Quick Start to Monitoring, Alerting, and Logging in Kubernetes with Helm
Managing the health and activities of your Kubernetes cluster is essential for its efficient operation. This guide provides a straightforward approach to setting up monitoring, alerting, and logging using Helm, tailored for cloud environments such as AWS EKS, Azure AKS, and GCP GKE. This setup includes comprehensive log management.
Prerequisites
Before you start, make sure that you have a Kubernetes cluster active (like AKS, EKS, or GKE) and Helm installed on your system.
Setup Steps
1. Create a Namespace for Monitoring
Purpose: Isolates monitoring resources from other cluster activities.
kubectl create namespace monitoring
2. Add Helm Repositories
Purpose: Adds the Prometheus community charts necessary for our monitoring setup.
Kube-Prometheus-stack, also known as Prometheus Operator, is a renowned open-source project providing complete monitoring solutions for Kubernetes clusters. It combines several tools and components to create an integrated monitoring stack.
helm repo add prometheus-community https://prometheus-community.github.io/helm-charts
helm repo update
3. Deploy Prometheus, Alertmanager, and Grafana
Purpose: Installs Prometheus for monitoring and alerting, and Grafana for visualizing the data.

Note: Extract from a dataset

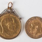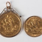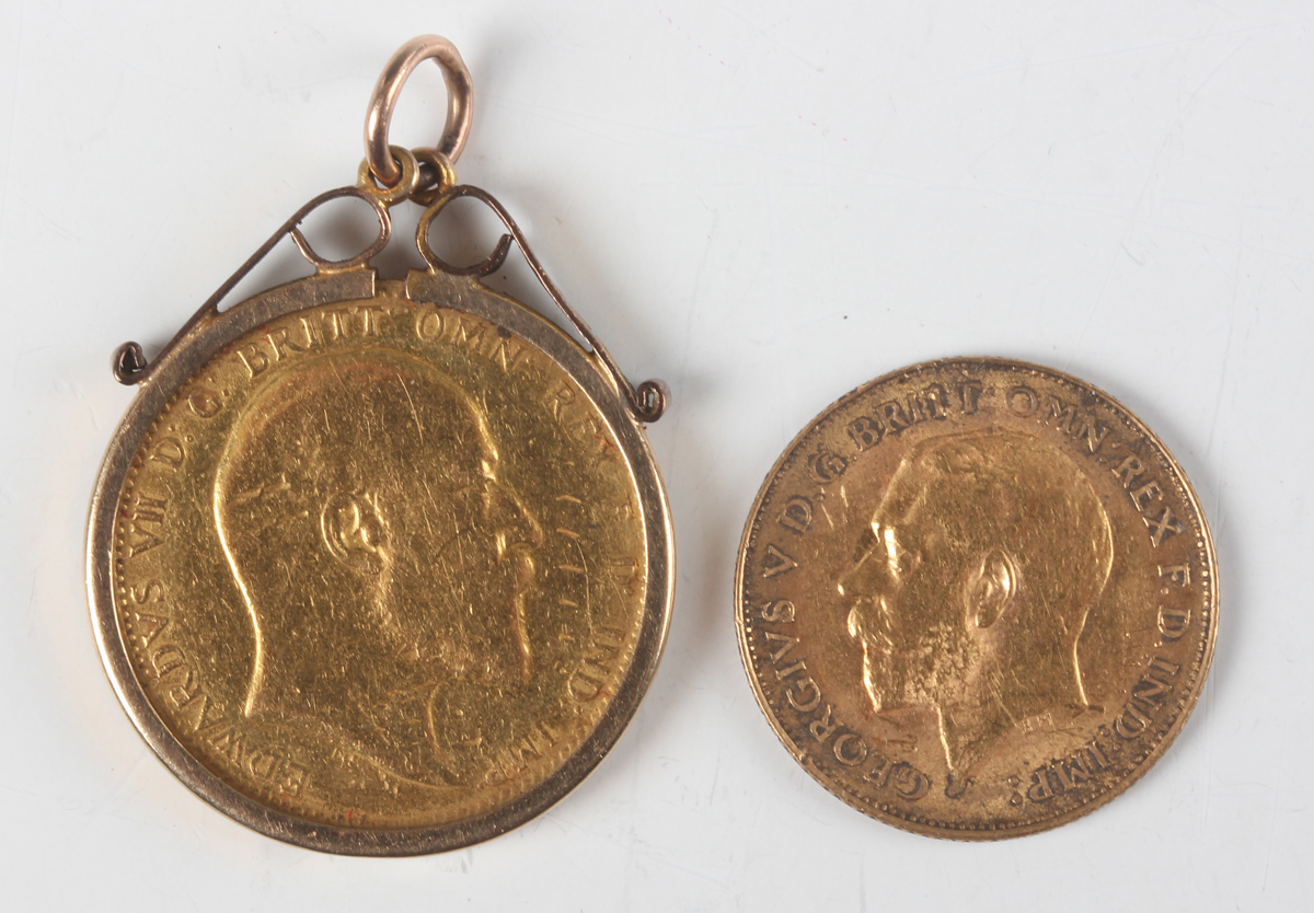 An Edward VII sovereign (damaged edge from old mount), within a 9ct gold cushion mount suspension, together with a George V half-sovereign 1912.

First, save the kube-prometheus-stack-values.yaml
locally for future modifications:
helm show values prometheus-community/kube-prometheus-stack >> kube-prometheus-stack-values.yaml
Update the kube-prometheus-stack-values.yaml
file to change the default Grafana password and adjust selectors (rule, service monitor, pod monitor, and scrape config) to have independent configurations not based on Helm values:
grafana:
adminPassword: 'ThisIsARanDomPassword' # Replace with your desired Grafana admin user password
prometheus:
prometheusSpec:
ruleSelectorNilUsesHelmValues: false
serviceMonitorSelectorNilUsesHelmValues: false
podMonitorSelectorNilUsesHelmValues: false
probeSelectorNilUsesHelmValues: false
scrapeConfigSelectorNilUsesHelmValues: false
Run the Helm deployment command:
helm upgrade --install -f kube-prometheus-stack-values.yaml kube-prometheus-stack prometheus-community/kube-prometheus-stack -n monitoring --version 58.5.3
Access the applications locally after deployment:
Grafana:
kubectl port-forward svc/kube-prometheus-stack-grafana 3000:80 -n monitoring # Go to http://localhost:3000
Prometheus:
kubectl port-forward svc/prometheus-operated 9090:9090 -n monitoring # Go to http://localhost:9090
AlertManager:
kubectl port-forward svc/alertmanager-operated 9093:9093 -n monitoring # Go to http://localhost:9093
4. Install Loki and Promtail for Logs
Purpose: Loki manages logs, and Promtail sends those logs to Loki.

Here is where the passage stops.